◆ **Task requirements**
The listing below should be printed in full and exactly, apart from its images.

[Exercise data Boundary: Start]

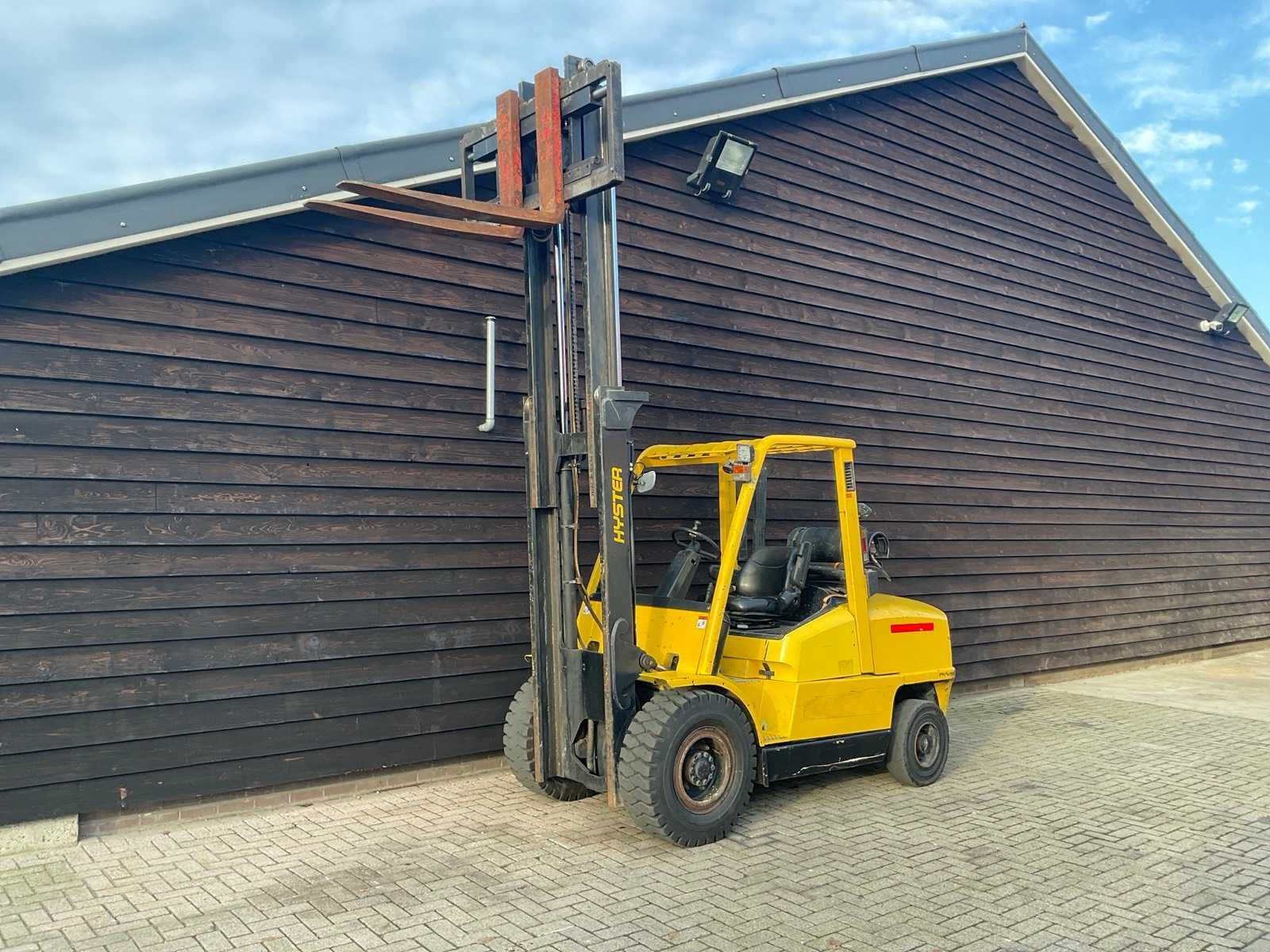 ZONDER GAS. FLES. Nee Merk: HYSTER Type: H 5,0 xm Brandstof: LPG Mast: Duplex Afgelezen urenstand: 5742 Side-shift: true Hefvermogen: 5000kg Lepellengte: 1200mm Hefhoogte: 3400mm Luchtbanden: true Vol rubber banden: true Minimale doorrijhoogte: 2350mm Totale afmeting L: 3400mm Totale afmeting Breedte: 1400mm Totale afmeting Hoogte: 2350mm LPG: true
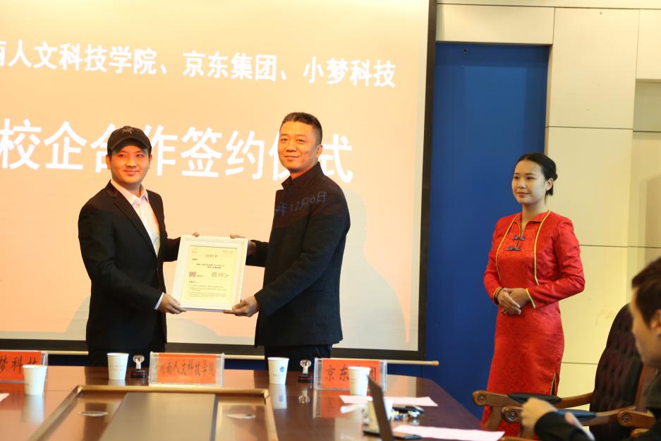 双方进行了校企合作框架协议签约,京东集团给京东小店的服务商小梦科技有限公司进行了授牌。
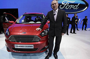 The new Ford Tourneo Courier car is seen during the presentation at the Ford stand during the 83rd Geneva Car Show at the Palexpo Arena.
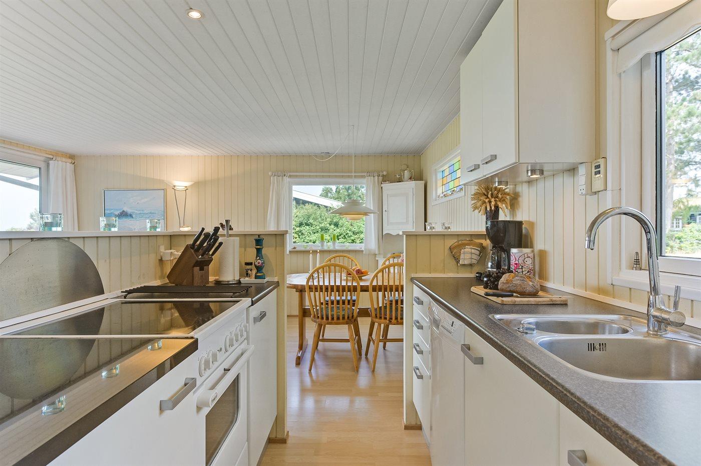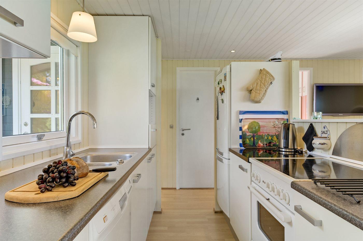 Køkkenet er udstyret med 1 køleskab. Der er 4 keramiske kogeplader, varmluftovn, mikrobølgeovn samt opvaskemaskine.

[Exercise data Boundary: End]

◆ **Result of the task**
 ZONDER GAS. FLES. Nee Merk: HYSTER Type: H 5,0 xm Brandstof: LPG Mast: Duplex Afgelezen urenstand: 5742 Side-shift: true Hefvermogen: 5000kg Lepellengte: 1200mm Hefhoogte: 3400mm Luchtbanden: true Vol rubber banden: true Minimale doorrijhoogte: 2350mm Totale afmeting L: 3400mm Totale afmeting Breedte: 1400mm Totale afmeting Hoogte: 2350mm LPG: true
 双方进行了校企合作框架协议签约,京东集团给京东小店的服务商小梦科技有限公司进行了授牌。
 The new Ford Tourneo Courier car is seen during the presentation at the Ford stand during the 83rd Geneva Car Show at the Palexpo Arena.
 Køkkenet er udstyret med 1 køleskab. Der er 4 keramiske kogeplader, varmluftovn, mikrobølgeovn samt opvaskemaskine.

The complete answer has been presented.